Aim of the task: Each line from the one containing "- 【Sturdy Mirror" to the last line of the listing below is to be duplicated exactly, and no picture is to be carried over.

Data:
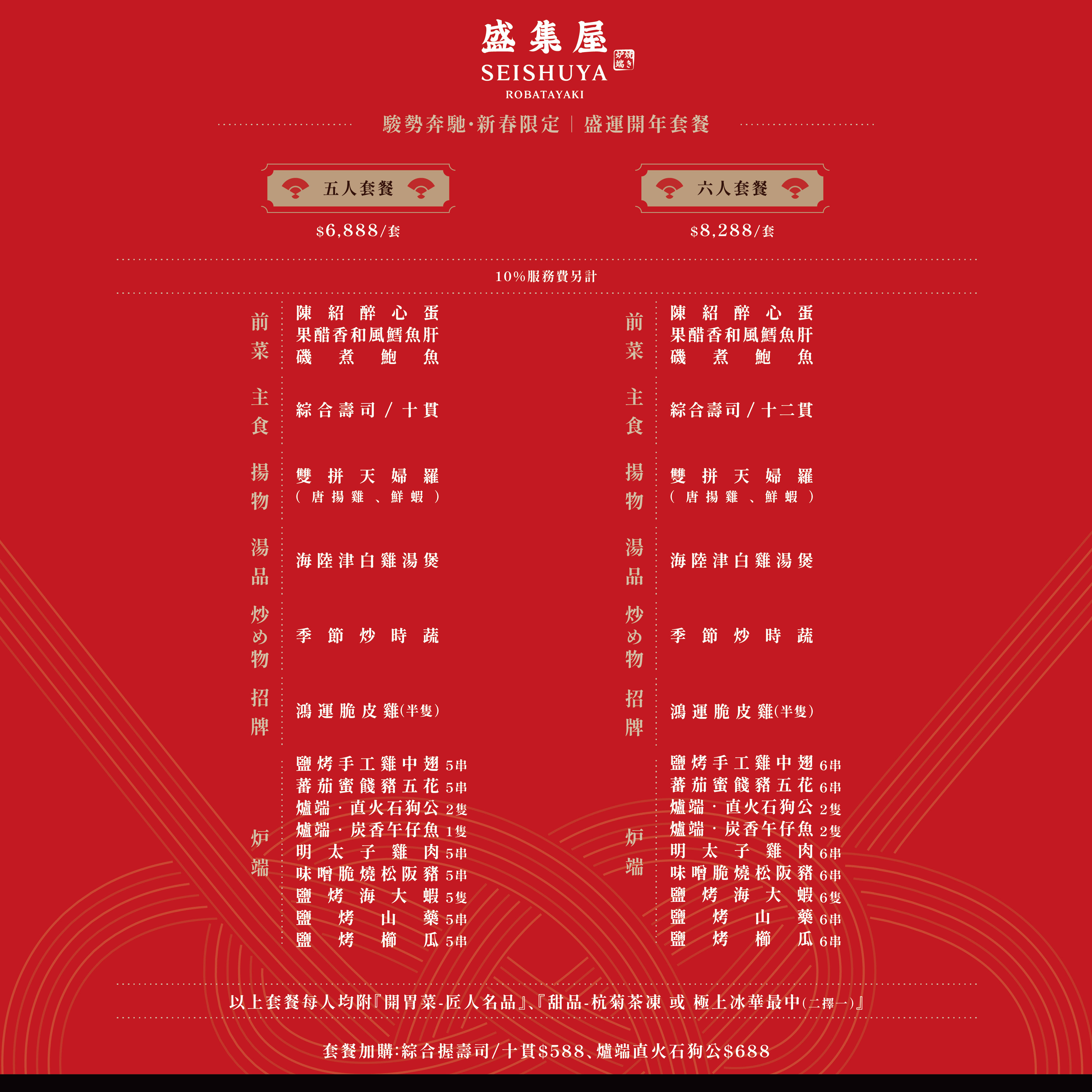 ・為維護出餐品質,春節期間僅提供「盛運開年套餐」
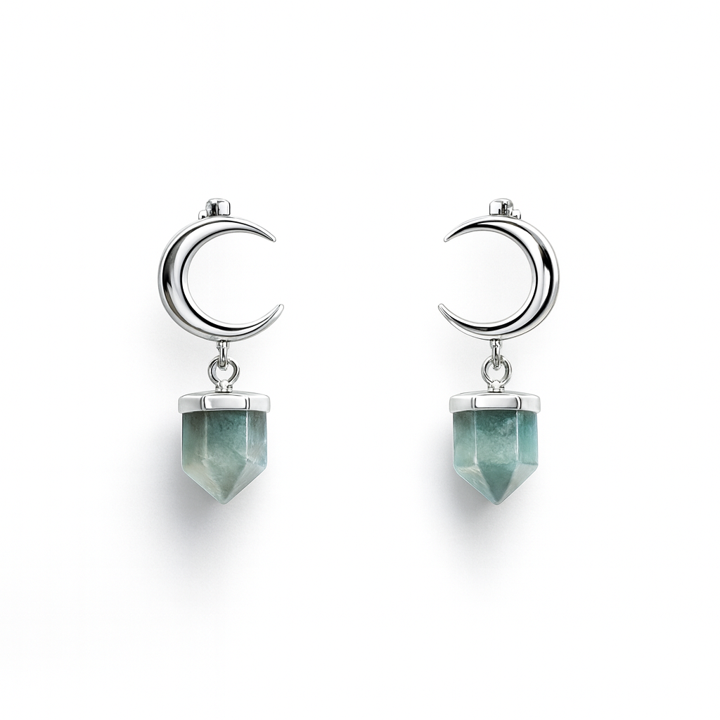 Aros con diseño de media luna y piedra verde natural en forma de punta, una combinación que simboliza renovación, equilibrio y conexión con la energía lunar. Un modelo delicado con un toque místico, ideal para quienes aman las joyas con intención.
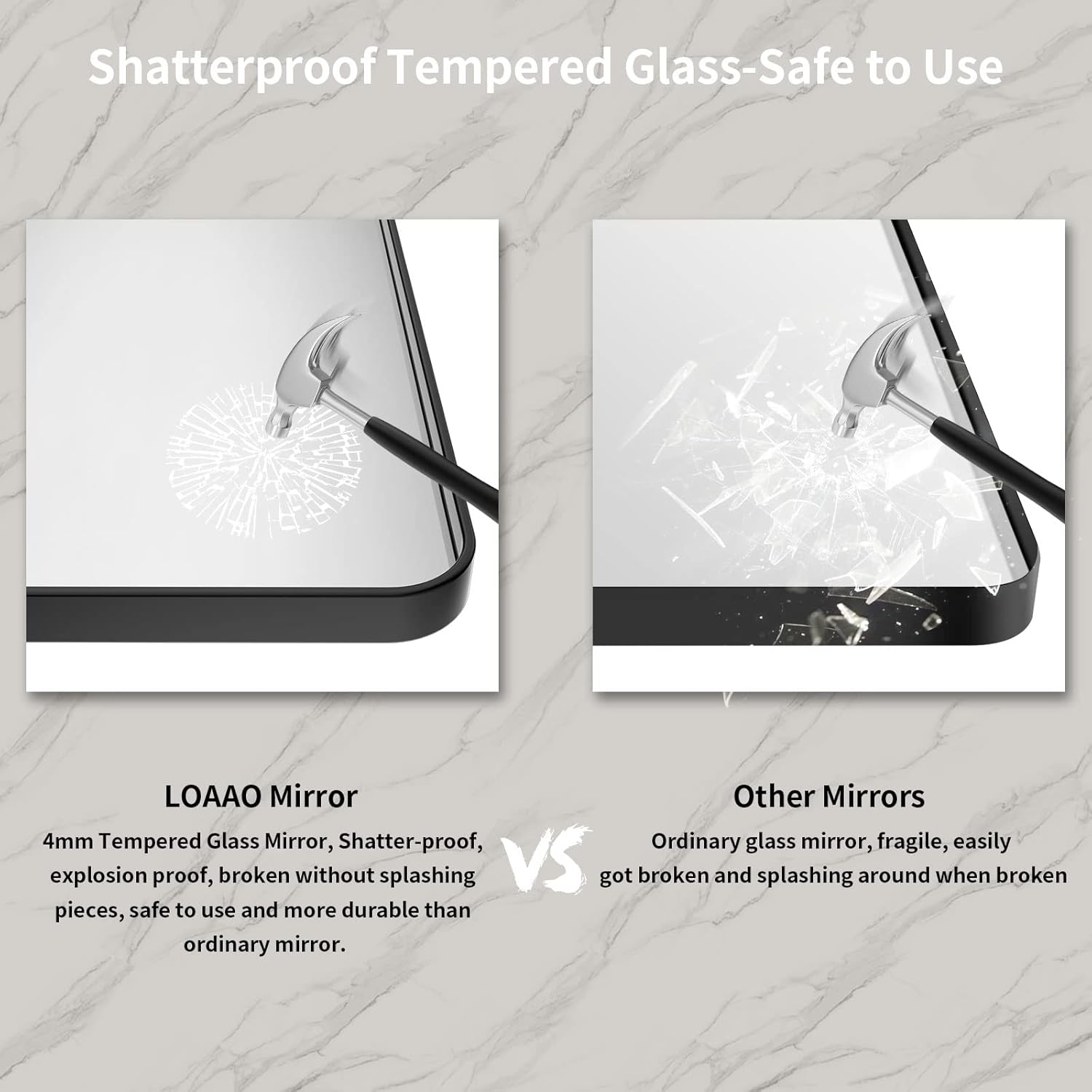 - 【Sturdy Mirror with Premium Materials】: LOAAO black metal mirror is built with 4MM tempered glass which features shatter-proof, burst-proof; Aluminum alloy frame which features anti-rust; Ideal for using in bathroom; Solid and sturdy; Durable for use
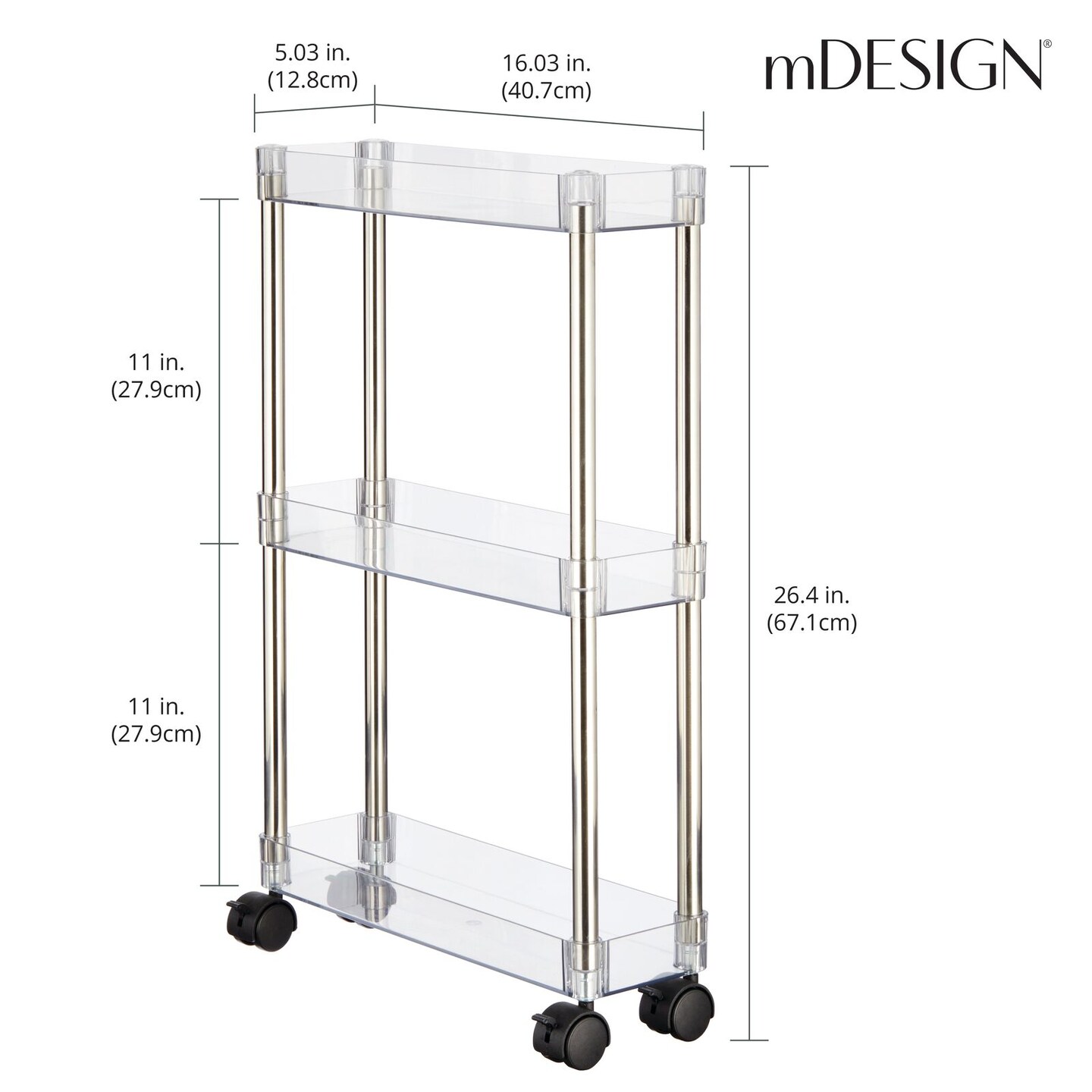 mDesign Slim 3-Tier Portable Household Rolling Cart with Wheels

Task solution:
 - 【Sturdy Mirror with Premium Materials】: LOAAO black metal mirror is built with 4MM tempered glass which features shatter-proof, burst-proof; Aluminum alloy frame which features anti-rust; Ideal for using in bathroom; Solid and sturdy; Durable for use
 mDesign Slim 3-Tier Portable Household Rolling Cart with Wheels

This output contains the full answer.